PROVIDED MATERIAL →
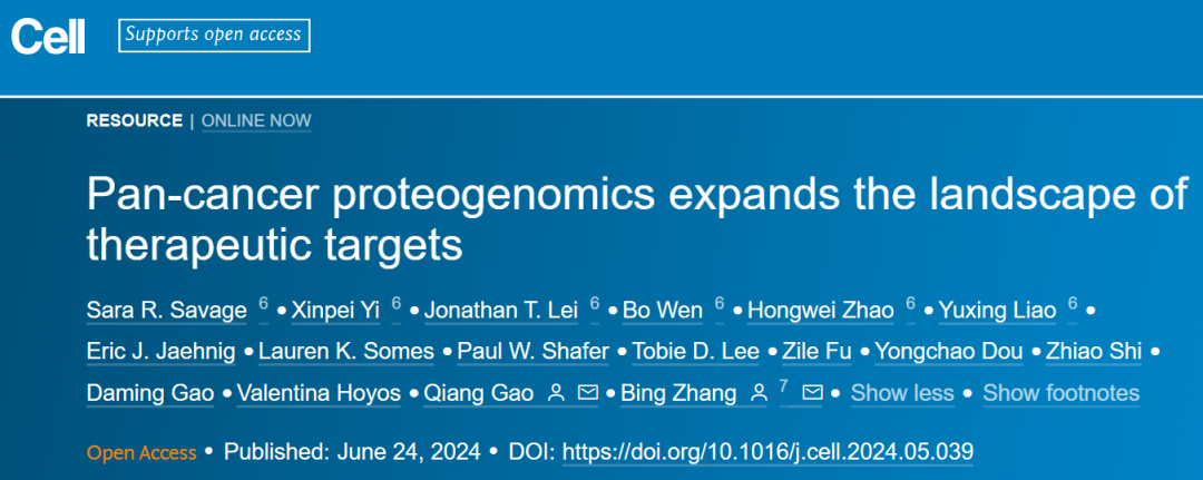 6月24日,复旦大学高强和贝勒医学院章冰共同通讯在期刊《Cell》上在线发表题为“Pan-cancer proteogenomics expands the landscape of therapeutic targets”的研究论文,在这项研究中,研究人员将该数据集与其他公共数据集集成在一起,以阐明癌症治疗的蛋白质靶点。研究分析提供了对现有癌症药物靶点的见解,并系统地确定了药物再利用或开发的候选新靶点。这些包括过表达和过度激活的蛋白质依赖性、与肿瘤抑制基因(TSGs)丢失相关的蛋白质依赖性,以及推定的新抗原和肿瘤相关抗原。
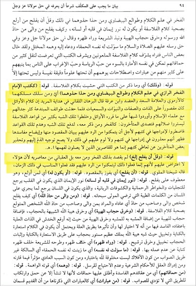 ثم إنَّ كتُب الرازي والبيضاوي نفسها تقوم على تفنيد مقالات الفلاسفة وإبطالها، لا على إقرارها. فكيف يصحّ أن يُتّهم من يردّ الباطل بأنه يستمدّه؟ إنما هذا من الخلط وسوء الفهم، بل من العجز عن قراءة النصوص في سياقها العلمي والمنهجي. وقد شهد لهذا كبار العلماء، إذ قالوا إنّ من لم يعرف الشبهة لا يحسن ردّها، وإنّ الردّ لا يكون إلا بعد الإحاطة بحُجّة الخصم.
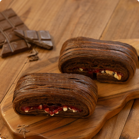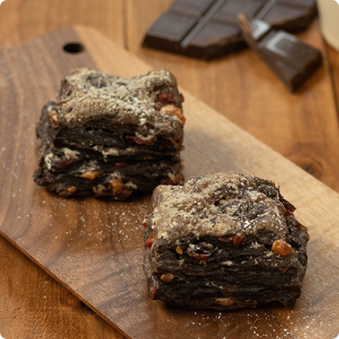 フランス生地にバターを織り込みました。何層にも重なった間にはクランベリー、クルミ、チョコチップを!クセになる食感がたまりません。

EXERCISE → I'd like the data above duplicated exactly, with no pictures included.

EXPECTED OUTPUT →
 6月24日,复旦大学高强和贝勒医学院章冰共同通讯在期刊《Cell》上在线发表题为“Pan-cancer proteogenomics expands the landscape of therapeutic targets”的研究论文,在这项研究中,研究人员将该数据集与其他公共数据集集成在一起,以阐明癌症治疗的蛋白质靶点。研究分析提供了对现有癌症药物靶点的见解,并系统地确定了药物再利用或开发的候选新靶点。这些包括过表达和过度激活的蛋白质依赖性、与肿瘤抑制基因(TSGs)丢失相关的蛋白质依赖性,以及推定的新抗原和肿瘤相关抗原。
 ثم إنَّ كتُب الرازي والبيضاوي نفسها تقوم على تفنيد مقالات الفلاسفة وإبطالها، لا على إقرارها. فكيف يصحّ أن يُتّهم من يردّ الباطل بأنه يستمدّه؟ إنما هذا من الخلط وسوء الفهم، بل من العجز عن قراءة النصوص في سياقها العلمي والمنهجي. وقد شهد لهذا كبار العلماء، إذ قالوا إنّ من لم يعرف الشبهة لا يحسن ردّها، وإنّ الردّ لا يكون إلا بعد الإحاطة بحُجّة الخصم.
 フランス生地にバターを織り込みました。何層にも重なった間にはクランベリー、クルミ、チョコチップを!クセになる食感がたまりません。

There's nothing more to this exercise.